WORK REQUIRED - In the records below, reproduce exactly the lines from the one containing "Kingston BrassKingston Sona" through the one containing "Included in the", both included, and omit the pictures.
───── DATA EXCERPTS ─────
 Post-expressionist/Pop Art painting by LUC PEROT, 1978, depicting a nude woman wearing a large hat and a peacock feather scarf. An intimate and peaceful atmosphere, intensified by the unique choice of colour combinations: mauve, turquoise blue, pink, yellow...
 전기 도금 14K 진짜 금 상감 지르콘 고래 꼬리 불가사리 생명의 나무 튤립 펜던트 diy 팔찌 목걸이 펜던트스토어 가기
─────
───── DATA EXCERPTS ─────
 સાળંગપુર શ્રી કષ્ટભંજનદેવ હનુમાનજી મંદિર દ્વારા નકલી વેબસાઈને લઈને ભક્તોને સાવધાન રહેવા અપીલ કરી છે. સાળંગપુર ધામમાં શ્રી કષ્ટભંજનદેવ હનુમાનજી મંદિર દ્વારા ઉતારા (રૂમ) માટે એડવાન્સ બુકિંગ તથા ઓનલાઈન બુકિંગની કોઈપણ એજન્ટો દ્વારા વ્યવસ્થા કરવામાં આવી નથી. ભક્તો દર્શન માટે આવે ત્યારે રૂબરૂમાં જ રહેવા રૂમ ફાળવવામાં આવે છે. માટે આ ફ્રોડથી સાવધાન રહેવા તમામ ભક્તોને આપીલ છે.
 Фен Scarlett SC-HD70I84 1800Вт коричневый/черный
─────
───── DATA EXCERPTS ─────
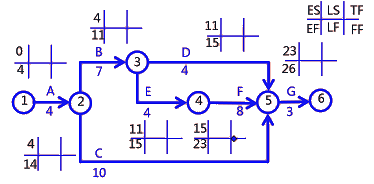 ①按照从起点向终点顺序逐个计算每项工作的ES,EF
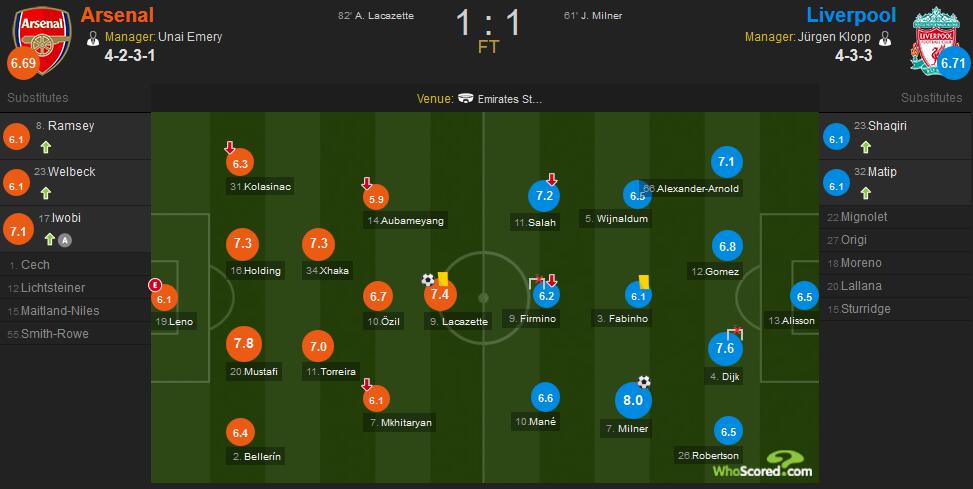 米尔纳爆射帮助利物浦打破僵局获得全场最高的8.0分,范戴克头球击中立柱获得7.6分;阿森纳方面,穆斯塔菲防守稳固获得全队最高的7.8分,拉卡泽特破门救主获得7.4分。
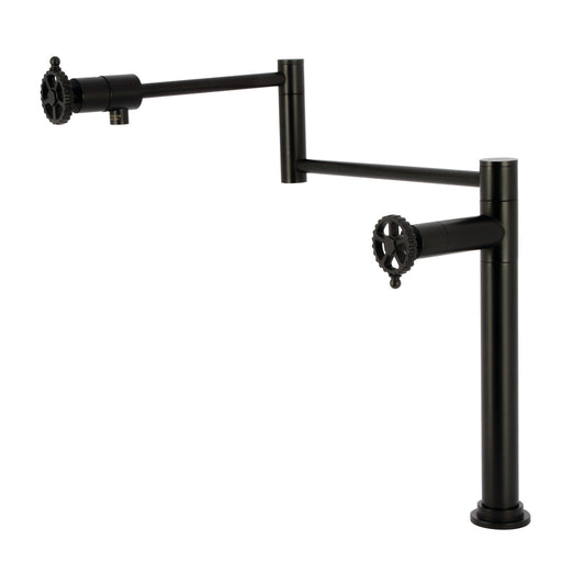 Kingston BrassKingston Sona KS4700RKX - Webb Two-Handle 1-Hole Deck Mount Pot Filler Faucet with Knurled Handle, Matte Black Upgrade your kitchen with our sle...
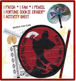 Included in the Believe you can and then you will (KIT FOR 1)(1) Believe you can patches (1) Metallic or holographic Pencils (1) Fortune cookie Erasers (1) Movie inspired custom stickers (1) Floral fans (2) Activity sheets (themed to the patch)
─────
ANSWER SECTION -
 Kingston BrassKingston Sona KS4700RKX - Webb Two-Handle 1-Hole Deck Mount Pot Filler Faucet with Knurled Handle, Matte Black Upgrade your kitchen with our sle...
 Included in the Believe you can and then you will (KIT FOR 1)(1) Believe you can patches (1) Metallic or holographic Pencils (1) Fortune cookie Erasers (1) Movie inspired custom stickers (1) Floral fans (2) Activity sheets (themed to the patch)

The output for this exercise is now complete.